News Release

How a bad day at work led to better COVID predictions

Peer-Reviewed Publication

Cold Spring Harbor Laboratory

Talking about your bad day at work could lead to great solutions. Cold Spring Harbor Laboratory (CSHL) Associate Professor Saket Navlakha and his wife, Dr. Sejal Morjaria, an infectious disease physician at Memorial Sloan Kettering Cancer Center (MSK), found a way to predict COVID-19 severity in cancer patients. The computational tool they developed prevents unnecessary expensive testing and improves patient care.

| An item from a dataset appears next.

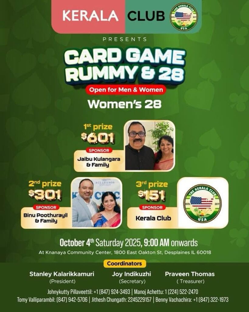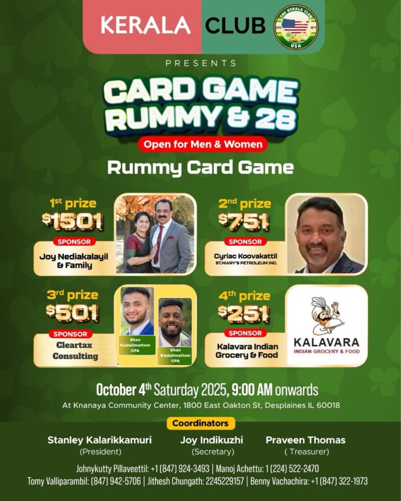 ജോണിക്കുട്ടി പിള്ളവീട്ടിൽ , മനോജ് അച്ചേട് , ജിതേഷ് ചുങ്കത്ത് , ടോമി വള്ളിപ്പറമ്പിൽ , ബെന്നി വാച്ചാച്ചിറ എന്നിവർ കോർഡിനേറ്റർസ് ആയ കമ്മിറ്റിയും കേരള ക്ലബ് പ്രസിഡന്റ് സ്റ്റാൻലി കളരിക്കേമുറിയുടെ നേതൃത്വത്തിലുള്ള ഭരണ സമിതിയും ഈ സീസണിലെ ആദ്യത്തെ കാർഡ് ഗെയിസ് അവസ്മരണീയമാക്കും .

Morjaria says, "Generally, I have good intuition for how patients will progress." However, that intuition failed her when confronted with COVID-19. She says:

"When the pandemic first hit, we had a hard time understanding and predicting which patients were going to have severe COVID. People were ordering a slew of labs, and a lot of times, there were unnecessary lab tests."

Navlakha joined CSHL in 2019. He uses computer science to understand biological processes. Morjaria wondered if her husband could help:

"So I came home and I would tell him, 'Saket, it would be great if we could come up with a methodology to figure out, using machine-learning, which patients are going to go on to develop severe COVID versus not.'"

The team collected 267 variables from cancer patients diagnosed with COVID-19. The variables ranged from age and sex to cancer type, most recent treatments, and laboratory results. They trained a machine-learning computer program to classify patients into three groups. Those who will require high levels of oxygen through a ventilator:

  1. immediately
  2. after a few days
  3. not at all

The researchers found approximately 50 variables that contributed most to the outcome prediction. Their method had an accuracy rate of 70-85%, and it performed especially well for patients that would require immediate ventilation. More generally, the tool can help tease apart interactions between multiple risk factors that might not be apparent, even to those with trained eyes. The program also prevents over-testing, which Morjaria knows will "spare patients unnecessary massive hospital costs."

Navlakha believes this work would not have been possible without close collaboration with his wife and other MSK clinician-scientists, including Rocio-Perez Johnston and Ying Taur. He says:

"Sejal and I talk about better ways to integrate what she's experiencing on the bedside versus what we can analyze and do computationally. As someone who's never worked with clinical data, if I were to try to have done this without Sejal's guidance, I would have made tons of mistakes, it would have just been a total disaster and totally unusable."

Navlakha and Morjaria hope their work will inspire more physicians and computer scientists to work together and create innovative clinical solutions for complex diseases.